Records from a collection:
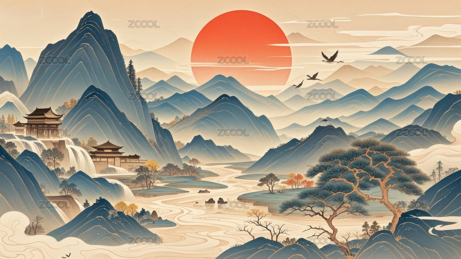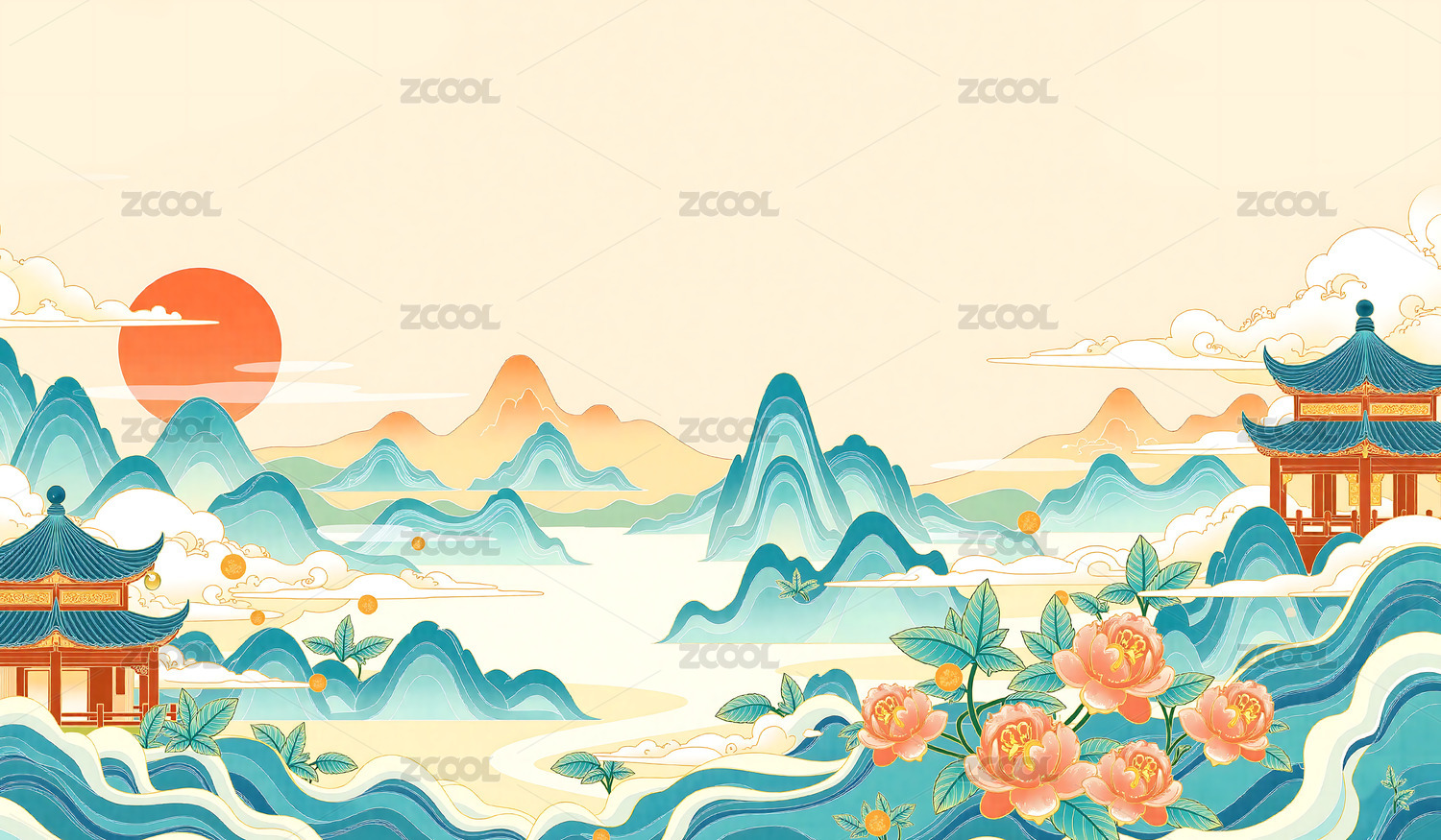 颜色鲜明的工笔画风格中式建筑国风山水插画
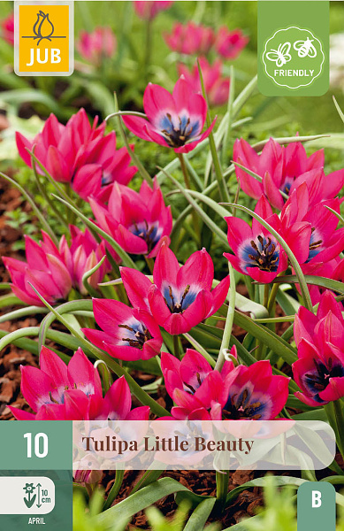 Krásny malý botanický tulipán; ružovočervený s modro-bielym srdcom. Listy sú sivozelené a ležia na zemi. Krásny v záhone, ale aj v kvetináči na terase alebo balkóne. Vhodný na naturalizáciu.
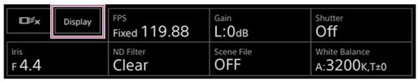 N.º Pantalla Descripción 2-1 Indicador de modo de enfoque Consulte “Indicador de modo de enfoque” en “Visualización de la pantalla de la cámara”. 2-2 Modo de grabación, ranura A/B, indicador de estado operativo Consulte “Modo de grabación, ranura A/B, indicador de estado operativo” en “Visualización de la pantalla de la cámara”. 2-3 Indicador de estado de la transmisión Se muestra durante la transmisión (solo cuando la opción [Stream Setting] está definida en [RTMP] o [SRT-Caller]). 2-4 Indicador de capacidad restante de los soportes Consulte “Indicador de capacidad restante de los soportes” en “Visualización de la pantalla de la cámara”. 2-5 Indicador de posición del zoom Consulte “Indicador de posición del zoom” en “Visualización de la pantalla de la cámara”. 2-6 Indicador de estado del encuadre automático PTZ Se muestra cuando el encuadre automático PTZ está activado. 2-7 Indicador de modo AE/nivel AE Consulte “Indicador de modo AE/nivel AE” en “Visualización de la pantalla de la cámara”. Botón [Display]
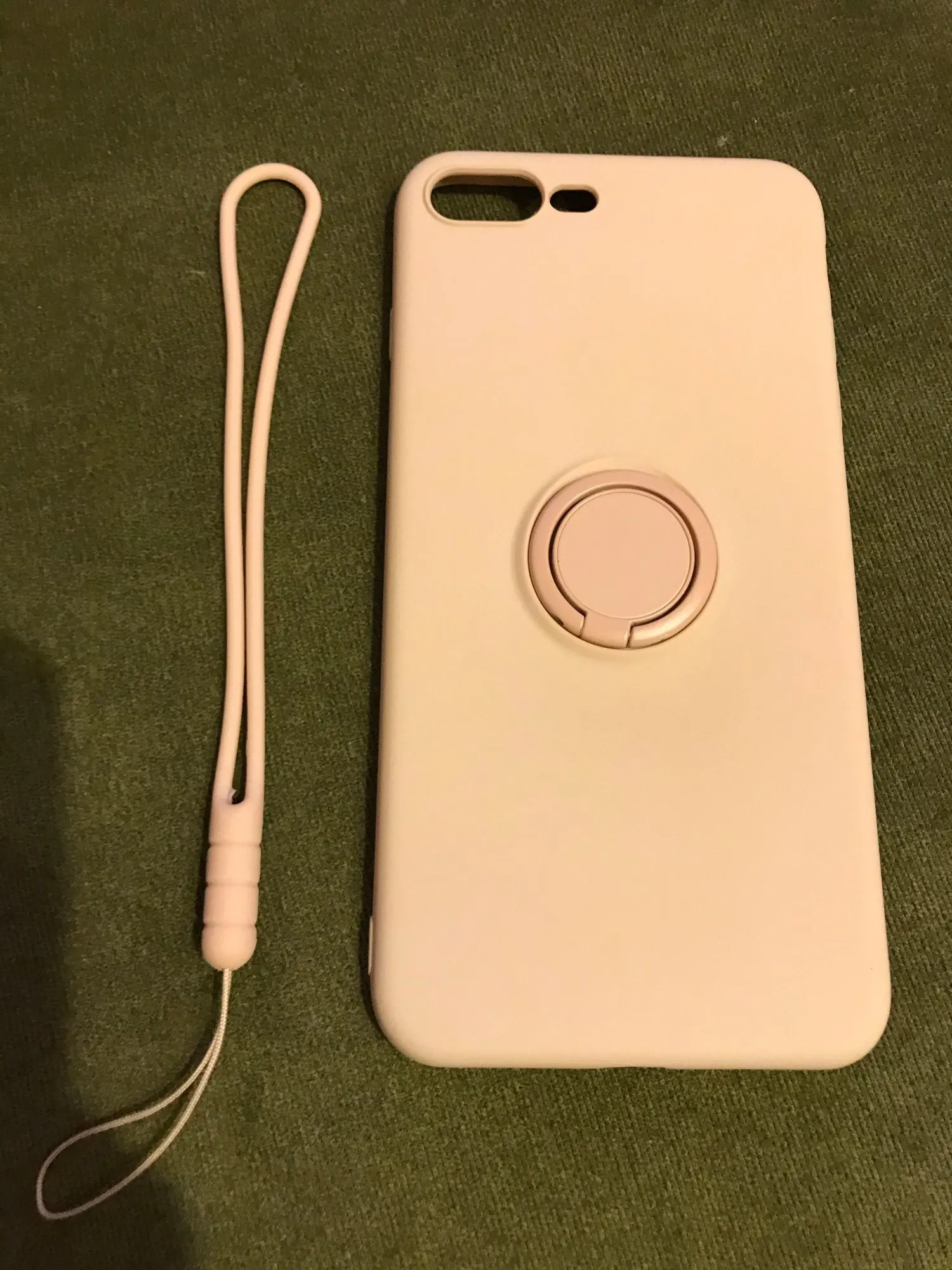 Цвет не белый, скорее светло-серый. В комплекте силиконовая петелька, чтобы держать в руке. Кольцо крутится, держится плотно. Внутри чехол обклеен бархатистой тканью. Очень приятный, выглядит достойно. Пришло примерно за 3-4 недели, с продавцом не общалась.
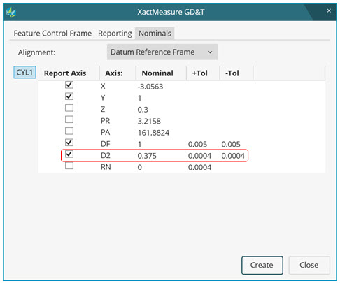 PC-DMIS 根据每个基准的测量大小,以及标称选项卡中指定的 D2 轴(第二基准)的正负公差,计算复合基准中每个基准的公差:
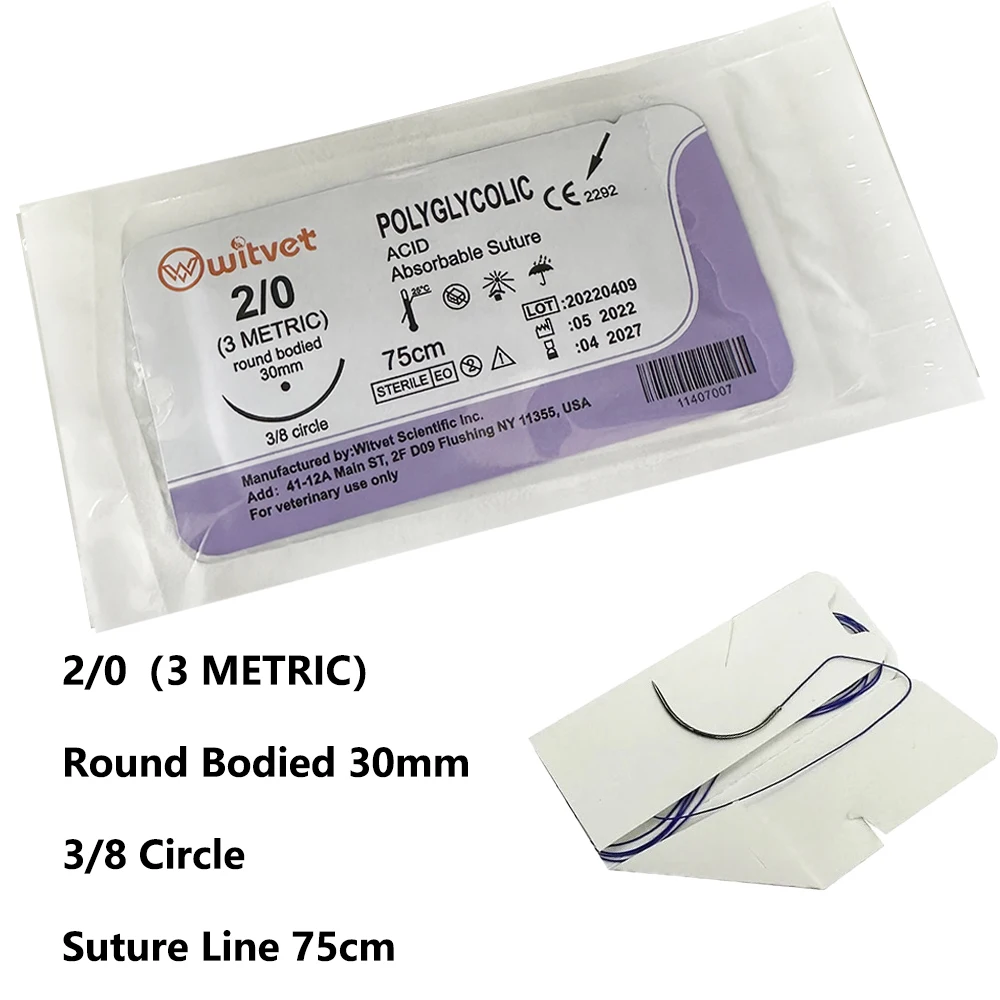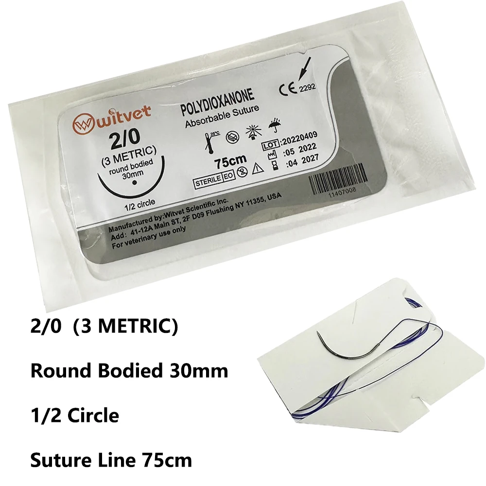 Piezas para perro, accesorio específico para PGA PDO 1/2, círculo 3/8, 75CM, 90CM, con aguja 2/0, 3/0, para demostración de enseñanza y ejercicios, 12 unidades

What the task requires:
Exactly the lines from the one that contains "Krásny malý botanický" through the last line of the records should be set down, and the pictures should be dropped.

Problem solution:
 Krásny malý botanický tulipán; ružovočervený s modro-bielym srdcom. Listy sú sivozelené a ležia na zemi. Krásny v záhone, ale aj v kvetináči na terase alebo balkóne. Vhodný na naturalizáciu.
 N.º Pantalla Descripción 2-1 Indicador de modo de enfoque Consulte “Indicador de modo de enfoque” en “Visualización de la pantalla de la cámara”. 2-2 Modo de grabación, ranura A/B, indicador de estado operativo Consulte “Modo de grabación, ranura A/B, indicador de estado operativo” en “Visualización de la pantalla de la cámara”. 2-3 Indicador de estado de la transmisión Se muestra durante la transmisión (solo cuando la opción [Stream Setting] está definida en [RTMP] o [SRT-Caller]). 2-4 Indicador de capacidad restante de los soportes Consulte “Indicador de capacidad restante de los soportes” en “Visualización de la pantalla de la cámara”. 2-5 Indicador de posición del zoom Consulte “Indicador de posición del zoom” en “Visualización de la pantalla de la cámara”. 2-6 Indicador de estado del encuadre automático PTZ Se muestra cuando el encuadre automático PTZ está activado. 2-7 Indicador de modo AE/nivel AE Consulte “Indicador de modo AE/nivel AE” en “Visualización de la pantalla de la cámara”. Botón [Display]
 Цвет не белый, скорее светло-серый. В комплекте силиконовая петелька, чтобы держать в руке. Кольцо крутится, держится плотно. Внутри чехол обклеен бархатистой тканью. Очень приятный, выглядит достойно. Пришло примерно за 3-4 недели, с продавцом не общалась.
 PC-DMIS 根据每个基准的测量大小,以及标称选项卡中指定的 D2 轴(第二基准)的正负公差,计算复合基准中每个基准的公差:
 Piezas para perro, accesorio específico para PGA PDO 1/2, círculo 3/8, 75CM, 90CM, con aguja 2/0, 3/0, para demostración de enseñanza y ejercicios, 12 unidades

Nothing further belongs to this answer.